Fish curry (Gulai Tumis)

5:52 PM Posted In Edit This 0 Comments »
Measurements:
Note that measurements are not specific as in exact weight or litres.
A bowl - usually standard chinese rice bowl
A pinch for salt
A thumbsize - reference to shrimp paste

Index:
Shrimp paste or belacan in malay is fermented prawns. It appears like dark brown butter but smells like dead fish. Pungent/strong. To use, cut a piece off and gently fry under slow fire until it crumbles to a powdery form. Please close the windows to your kitchen, otherwise the whole house/furniture will smell.

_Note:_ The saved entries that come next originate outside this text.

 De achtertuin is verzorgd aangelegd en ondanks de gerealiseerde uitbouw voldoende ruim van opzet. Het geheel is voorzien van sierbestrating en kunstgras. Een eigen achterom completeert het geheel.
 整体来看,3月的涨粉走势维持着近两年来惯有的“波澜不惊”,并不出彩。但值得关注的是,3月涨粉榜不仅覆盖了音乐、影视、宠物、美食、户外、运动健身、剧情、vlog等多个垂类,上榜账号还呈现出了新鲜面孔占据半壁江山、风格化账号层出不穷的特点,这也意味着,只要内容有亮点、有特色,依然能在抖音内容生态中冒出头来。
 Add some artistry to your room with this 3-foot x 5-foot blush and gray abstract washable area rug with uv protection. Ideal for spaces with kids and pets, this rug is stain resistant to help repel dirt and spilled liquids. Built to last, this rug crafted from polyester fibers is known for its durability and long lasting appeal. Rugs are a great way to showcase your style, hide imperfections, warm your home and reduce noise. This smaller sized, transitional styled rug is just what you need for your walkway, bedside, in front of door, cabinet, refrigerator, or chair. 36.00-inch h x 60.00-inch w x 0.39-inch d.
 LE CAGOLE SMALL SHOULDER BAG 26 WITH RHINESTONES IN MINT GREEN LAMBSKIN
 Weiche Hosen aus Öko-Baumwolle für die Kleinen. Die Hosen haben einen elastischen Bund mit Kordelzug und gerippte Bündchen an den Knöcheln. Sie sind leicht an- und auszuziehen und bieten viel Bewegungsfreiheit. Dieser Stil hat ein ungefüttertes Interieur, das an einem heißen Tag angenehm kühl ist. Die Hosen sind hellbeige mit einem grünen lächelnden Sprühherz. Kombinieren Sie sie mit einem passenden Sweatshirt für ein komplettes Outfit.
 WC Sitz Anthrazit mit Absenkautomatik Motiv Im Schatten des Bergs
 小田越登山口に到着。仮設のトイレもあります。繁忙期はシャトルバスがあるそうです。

Suitable fish (ikan in malay):

Ikan kembung,
Ikan bawal hitam / putih
, salmon, tuna chunks, red snapper.
Recipe is for 700 grams of fish

Ingredients for the curry:

To blend together
1. A bowl of shallot (size of bowl rice bowl)
2. 3 tablespoon of ground chilli (dried) or chilli paste
3. 1 teaspoon of turmeric powder (for color)
4. 1 thumbsize belacan
5. 3-4 stalks of lemon grass

6. Cooking oil about 3/4 bowl (mom says more oil makes the curry attractive).

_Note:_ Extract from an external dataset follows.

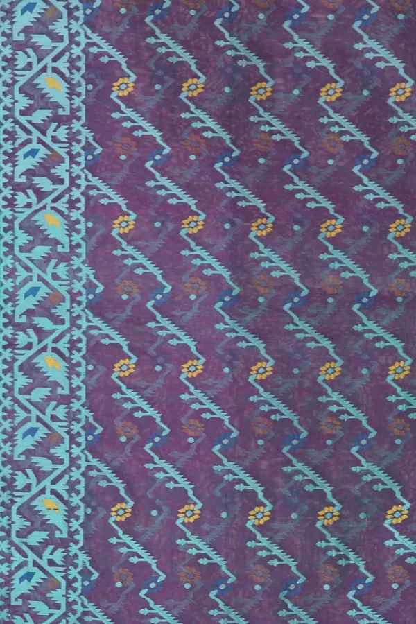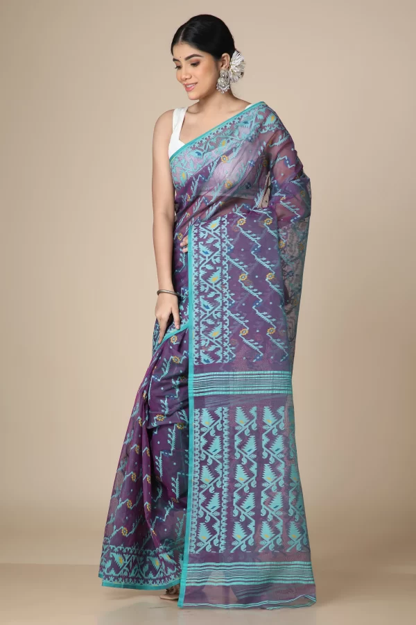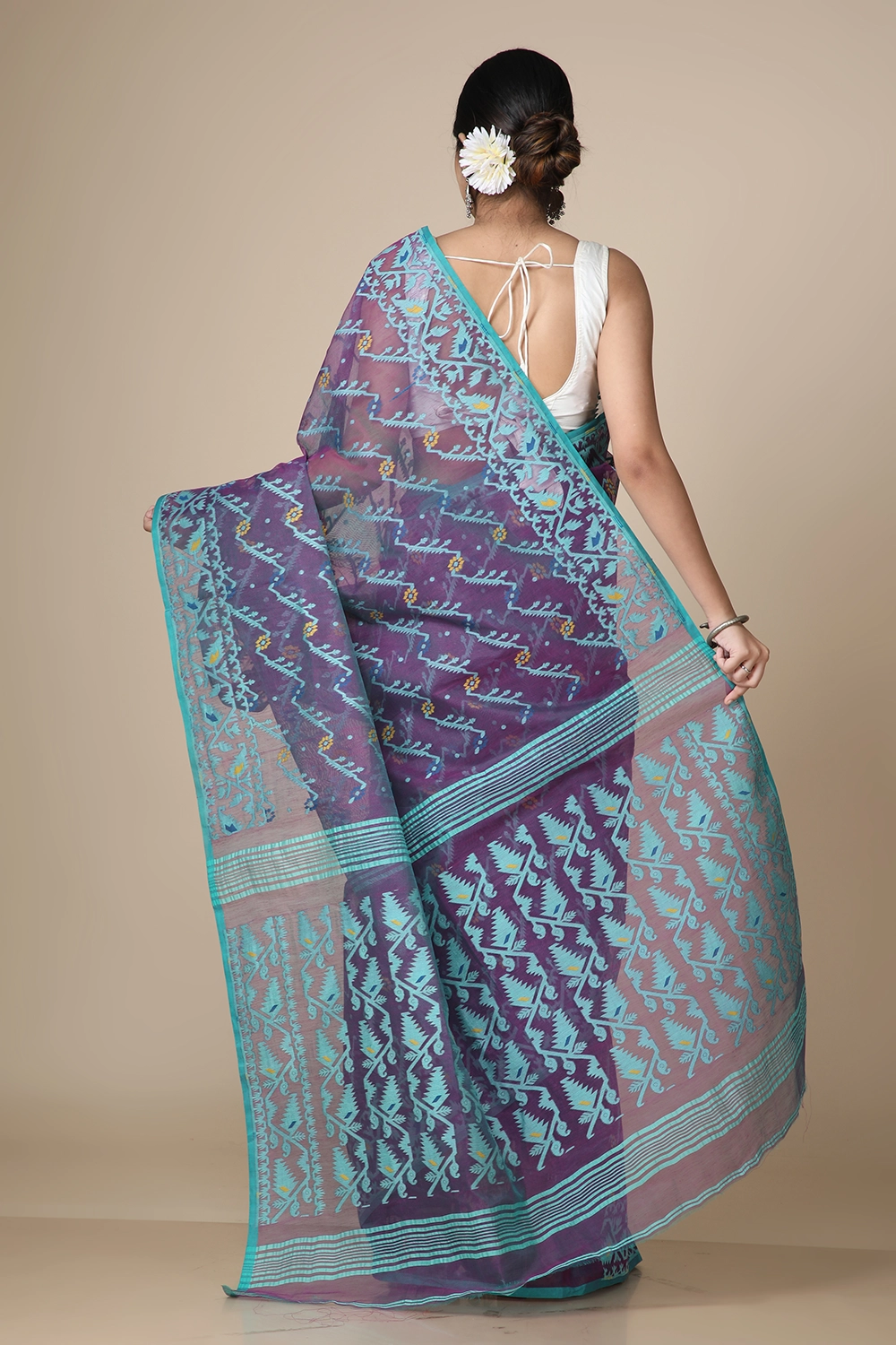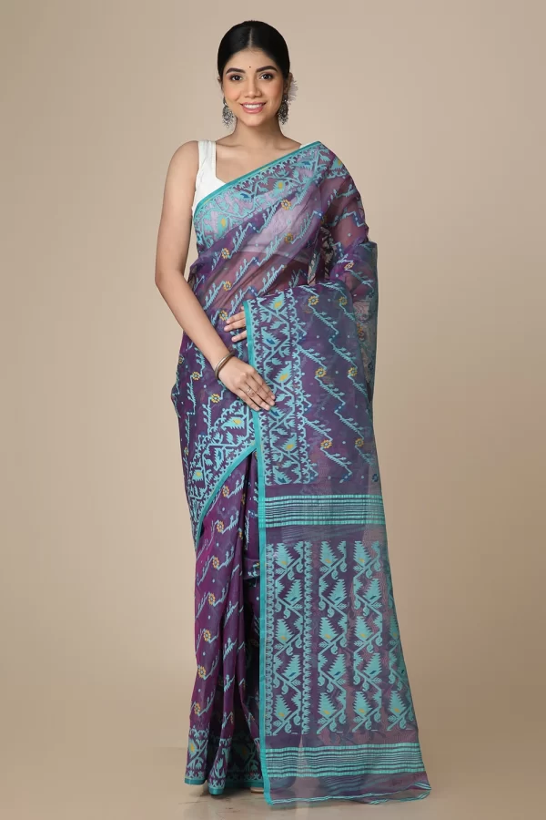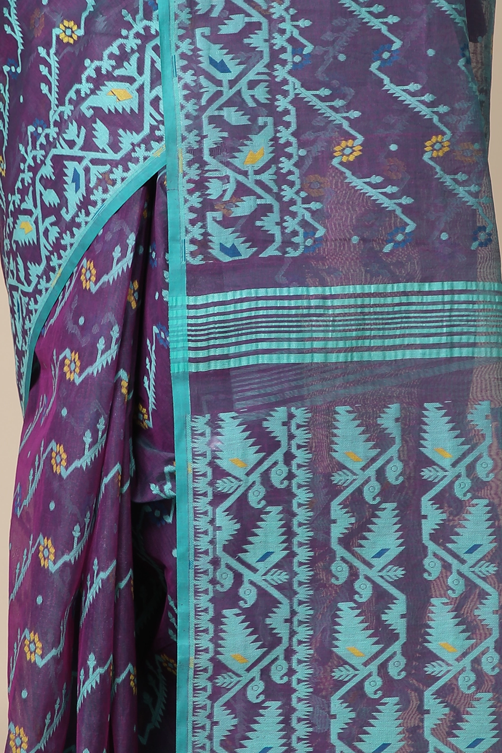 Welcome Elegance Into Your Life With This Dual-Tone Dhakai Jamdani Saree In Blended Cotton. It Comprises Meena With Zari Work And Is A Delightful Non-Handwoven Saree That Reminisces The Art Of Weaving From West Bengal. Best For Ethnic Occasions, Dry Cleaning Is Recommended Further For Preservation.

7. Tamarind 3 tablespoon mix with 2 bowls of water
8. Sugar and salt to taste.
(Sugar creates a balance in the sourness of the tamarind)

9. Garnishing cut large onions in circles and ginger flower (bunga kantan).

Method:

1. Heat oil
2. Fry the blended ingredient on low fire until fragrant. You want to be able to see the oil separating from the ingredient.
3. Add tamarind juice - increase fire till everything boils. Add sugar and salt to taste.
4. Add fish and garnishing (onions & ginger flower). Allow to cook for about 10 minutes or till fish is cooked.

MMMMMmmm! Mom is beside me now as I write.